++++ EXCERPTED DATA ++++

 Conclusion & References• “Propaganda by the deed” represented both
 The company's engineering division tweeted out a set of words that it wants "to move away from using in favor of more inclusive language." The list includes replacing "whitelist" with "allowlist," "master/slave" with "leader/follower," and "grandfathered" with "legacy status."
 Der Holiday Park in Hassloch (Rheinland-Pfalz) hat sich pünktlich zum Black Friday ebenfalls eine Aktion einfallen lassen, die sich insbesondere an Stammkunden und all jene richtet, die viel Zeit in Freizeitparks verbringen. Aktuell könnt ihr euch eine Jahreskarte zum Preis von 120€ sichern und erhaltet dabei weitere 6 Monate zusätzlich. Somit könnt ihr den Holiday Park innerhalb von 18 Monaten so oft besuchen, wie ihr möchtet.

++++
++++ EXCERPTED DATA ++++

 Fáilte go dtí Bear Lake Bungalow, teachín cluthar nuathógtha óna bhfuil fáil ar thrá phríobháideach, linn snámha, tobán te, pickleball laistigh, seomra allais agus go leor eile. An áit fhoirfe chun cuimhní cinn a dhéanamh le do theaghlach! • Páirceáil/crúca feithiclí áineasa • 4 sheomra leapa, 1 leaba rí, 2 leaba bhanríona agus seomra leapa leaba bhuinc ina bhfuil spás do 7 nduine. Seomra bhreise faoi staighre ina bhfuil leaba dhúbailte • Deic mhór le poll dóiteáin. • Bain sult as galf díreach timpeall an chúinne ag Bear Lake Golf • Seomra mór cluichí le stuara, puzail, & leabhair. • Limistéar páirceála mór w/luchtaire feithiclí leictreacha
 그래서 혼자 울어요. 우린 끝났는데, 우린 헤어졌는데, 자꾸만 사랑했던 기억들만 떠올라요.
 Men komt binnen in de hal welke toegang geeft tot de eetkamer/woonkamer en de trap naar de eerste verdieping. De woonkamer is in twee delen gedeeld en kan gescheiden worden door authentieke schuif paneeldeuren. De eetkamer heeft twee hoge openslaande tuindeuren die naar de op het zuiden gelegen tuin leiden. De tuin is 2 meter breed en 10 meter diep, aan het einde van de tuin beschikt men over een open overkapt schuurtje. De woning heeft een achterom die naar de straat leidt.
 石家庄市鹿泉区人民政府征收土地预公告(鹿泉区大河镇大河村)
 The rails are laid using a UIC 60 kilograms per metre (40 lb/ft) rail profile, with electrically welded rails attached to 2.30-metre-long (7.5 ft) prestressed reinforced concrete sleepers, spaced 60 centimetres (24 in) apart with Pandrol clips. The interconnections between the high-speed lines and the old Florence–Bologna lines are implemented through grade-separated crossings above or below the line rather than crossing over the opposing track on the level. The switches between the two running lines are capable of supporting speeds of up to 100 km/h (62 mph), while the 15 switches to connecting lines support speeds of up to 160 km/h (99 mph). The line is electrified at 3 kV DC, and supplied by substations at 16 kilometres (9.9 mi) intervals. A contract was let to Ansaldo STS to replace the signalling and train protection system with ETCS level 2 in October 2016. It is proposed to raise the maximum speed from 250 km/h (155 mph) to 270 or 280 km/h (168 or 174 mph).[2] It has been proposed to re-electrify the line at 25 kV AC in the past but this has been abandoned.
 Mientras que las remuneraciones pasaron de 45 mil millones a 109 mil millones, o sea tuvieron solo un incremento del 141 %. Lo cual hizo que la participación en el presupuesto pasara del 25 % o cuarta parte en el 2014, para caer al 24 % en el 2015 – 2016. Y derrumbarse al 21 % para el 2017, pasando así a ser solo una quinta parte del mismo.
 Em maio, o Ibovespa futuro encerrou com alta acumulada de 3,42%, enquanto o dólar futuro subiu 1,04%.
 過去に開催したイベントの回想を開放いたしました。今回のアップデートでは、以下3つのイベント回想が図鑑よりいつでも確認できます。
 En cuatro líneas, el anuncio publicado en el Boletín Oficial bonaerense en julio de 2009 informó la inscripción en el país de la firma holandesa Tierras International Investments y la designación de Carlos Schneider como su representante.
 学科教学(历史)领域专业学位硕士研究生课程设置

++++

▶ [WORK ITEM] In the listing above, find each line containing "over" and copy it.

▶ [SOLUTION BELOW]
 Men komt binnen in de hal welke toegang geeft tot de eetkamer/woonkamer en de trap naar de eerste verdieping. De woonkamer is in twee delen gedeeld en kan gescheiden worden door authentieke schuif paneeldeuren. De eetkamer heeft twee hoge openslaande tuindeuren die naar de op het zuiden gelegen tuin leiden. De tuin is 2 meter breed en 10 meter diep, aan het einde van de tuin beschikt men over een open overkapt schuurtje. De woning heeft een achterom die naar de straat leidt.
 The rails are laid using a UIC 60 kilograms per metre (40 lb/ft) rail profile, with electrically welded rails attached to 2.30-metre-long (7.5 ft) prestressed reinforced concrete sleepers, spaced 60 centimetres (24 in) apart with Pandrol clips. The interconnections between the high-speed lines and the old Florence–Bologna lines are implemented through grade-separated crossings above or below the line rather than crossing over the opposing track on the level. The switches between the two running lines are capable of supporting speeds of up to 100 km/h (62 mph), while the 15 switches to connecting lines support speeds of up to 160 km/h (99 mph). The line is electrified at 3 kV DC, and supplied by substations at 16 kilometres (9.9 mi) intervals. A contract was let to Ansaldo STS to replace the signalling and train protection system with ETCS level 2 in October 2016. It is proposed to raise the maximum speed from 250 km/h (155 mph) to 270 or 280 km/h (168 or 174 mph).[2] It has been proposed to re-electrify the line at 25 kV AC in the past but this has been abandoned.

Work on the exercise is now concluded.